▶ **What is being asked**
Exclude the pictures. Transcribe, exactly as written, the lines from the one with "Click the checkbox" through the end of the entries below.

▶ **Record extracts**
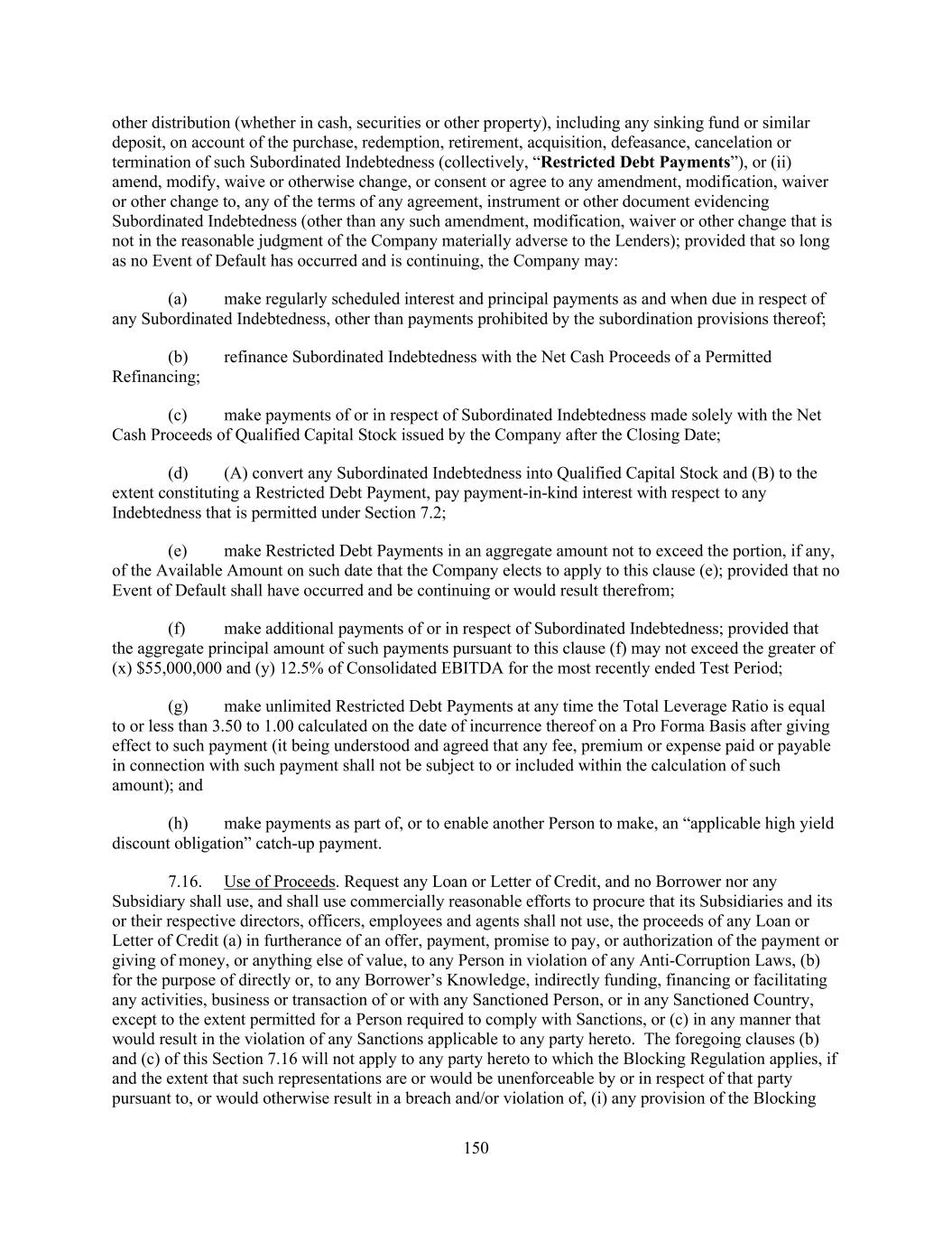 150 other distribution (whether in cash, securities or other property), including any sinking fund or similar deposit, on account of the purchase, redemption, retirement, acquisition, defeasance, cancelation or termination of such Subordinated Indebtedness (collectively, “Restricted Debt Payments”), or (ii) amend, modify, waive or otherwise change, or consent or agree to any amendment, modification, waiver or other change to, any of the terms of any agreement, instrument or other document evidencing Subordinated Indebtedness (other than any such amendment, modification, waiver or other change that is not in the reasonable judgment of the Company materially adverse to the Lenders); provided that so long as no Event of Default has occurred and is continuing, the Company may: (a) make regularly scheduled interest and principal payments as and when due in respect of any Subordinated Indebtedness, other than payments prohibited by the subordination provisions thereof; (b) refinance Subordinated Indebtedness with the Net Cash Proceeds of a Permitted Refinancing; (c) make payments of or in respect of Subordinated Indebtedness made solely with the Net Cash Proceeds of Qualified Capital Stock issued by the Company after the Closing Date; (d) (A) convert any Subordinated Indebtedness into Qualified Capital Stock and (B) to the extent constituting a Restricted Debt Payment, pay payment-in-kind interest with respect to any Indebtedness that is permitted under Section 7.2; (e) make Restricted Debt Payments in an aggregate amount not to exceed the portion, if any, of the Available Amount on such date that the Company elects to apply to this clause (e); provided that no Event of Default shall have occurred and be continuing or would result therefrom; (f) make additional payments of or in respect of Subordinated Indebtedness; provided that the aggregate principal amount of such payments pursuant to this clause (f) may not exceed the greater of (x) $55,000,000 and (y) 12.5% of Consolidated EBITDA for the most recently ended Test Period; (g) make unlimited Restricted Debt Payments at any time the Total Leverage Ratio is equal to or less than 3.50 to 1.00 calculated on the date of incurrence thereof on a Pro Forma Basis after giving effect to such payment (it being understood and agreed that any fee, premium or expense paid or payable in connection with such payment shall not be subject to or included within the calculation of such amount); and (h) make payments as part of, or to enable another Person to make, an “applicable high yield discount obligation” catch-up payment. 7.16. Use of Proceeds. Request any Loan or Letter of Credit, and no Borrower nor any Subsidiary shall use, and shall use commercially reasonable efforts to procure that its Subsidiaries and its or their respective directors, officers, employees and agents shall not use, the proceeds of any Loan or Letter of Credit (a) in furtherance of an offer, payment, promise to pay, or authorization of the payment or giving of money, or anything else of value, to any Person in violation of any Anti-Corruption Laws, (b) for the purpose of directly or, to any Borrower’s Knowledge, indirectly funding, financing or facilitating any activities, business or transaction of or with any Sanctioned Person, or in any Sanctioned Country, except to the extent permitted for a Person required to comply with Sanctions, or (c) in any manner that would result in the violation of any Sanctions applicable to any party hereto. The foregoing clauses (b) and (c) of this Section 7.16 will not apply to any party hereto to which the Blocking Regulation applies, if and the extent that such representations are or would be unenforceable by or in respect of that party pursuant to, or would otherwise result in a breach and/or violation of, (i) any provision of the Blocking
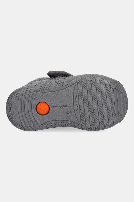 Детские тапочки из коллекции Biomecanics, изготовленные из текстильного материала. Лёгкие и удобные, идеально подходят для повседневной носки. - Они были созданы в сотрудничестве с педиатрами и инженерами Института биомеханики в Валенсии. - Легко надевается и хорошо сидит благодаря застежке-липучке. - Они имеют боковой стабилизатор, который контролирует боковое движение стопы. - Защищенный носок предохраняет пальцы ног от травм. - Съемная антибактериальная стелька, профилированная в области плюсны. - Резиновая подошва чрезвычайно прочная и устойчивая к повреждениям. - Текстильная внутренняя часть комфортна для ног и облегчает содержание обуви в чистоте. - Длина вставки: 14 см. - Размеры указаны для размера: 22.
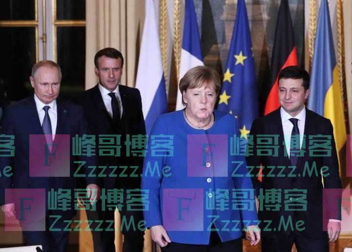 2019年12月9日,在法国巴黎,(从左到右)俄罗斯总统普京、法国总统马克龙、德国总理默克尔和乌克兰总统泽连斯基出席“诺曼底模式”四国峰会。(新华社发)
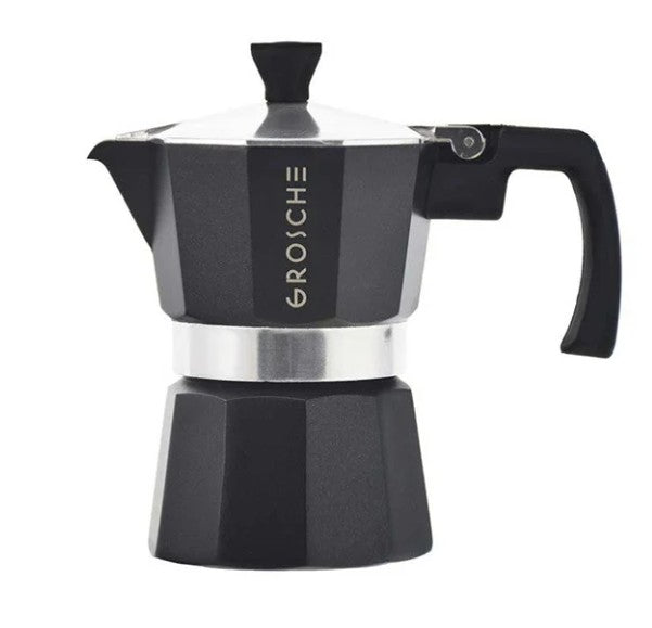- Cafetière italienne noire Grosche (3 tasses – 150 ml) : Design premium pour préparer un café corsé et parfumé.
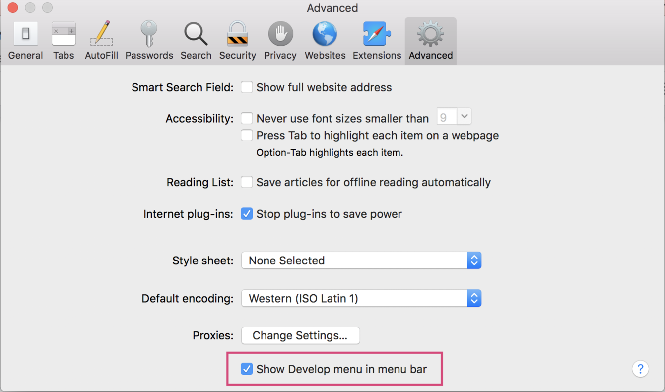 Click the checkbox at the bottom of this tab that reads Show Develop menu in menu bar. A new item will now appear in the menu bar called Develop.
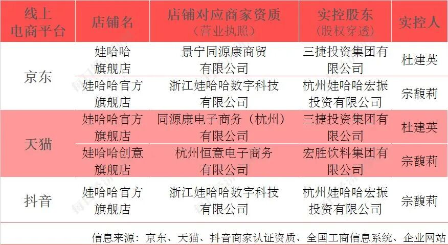 目前,天猫、京东、抖音平台上娃哈哈的官方店铺均统一为“娃哈哈官方旗舰店”,其官方旗舰店对应的商家资质统一为杭州恒意电子商务有限公司,股权穿透后的实控股东为宏胜饮料集团有限公司,实控人为宗馥莉。

▶ **Response below**
 Click the checkbox at the bottom of this tab that reads Show Develop menu in menu bar. A new item will now appear in the menu bar called Develop.
 目前,天猫、京东、抖音平台上娃哈哈的官方店铺均统一为“娃哈哈官方旗舰店”,其官方旗舰店对应的商家资质统一为杭州恒意电子商务有限公司,股权穿透后的实控股东为宏胜饮料集团有限公司,实控人为宗馥莉。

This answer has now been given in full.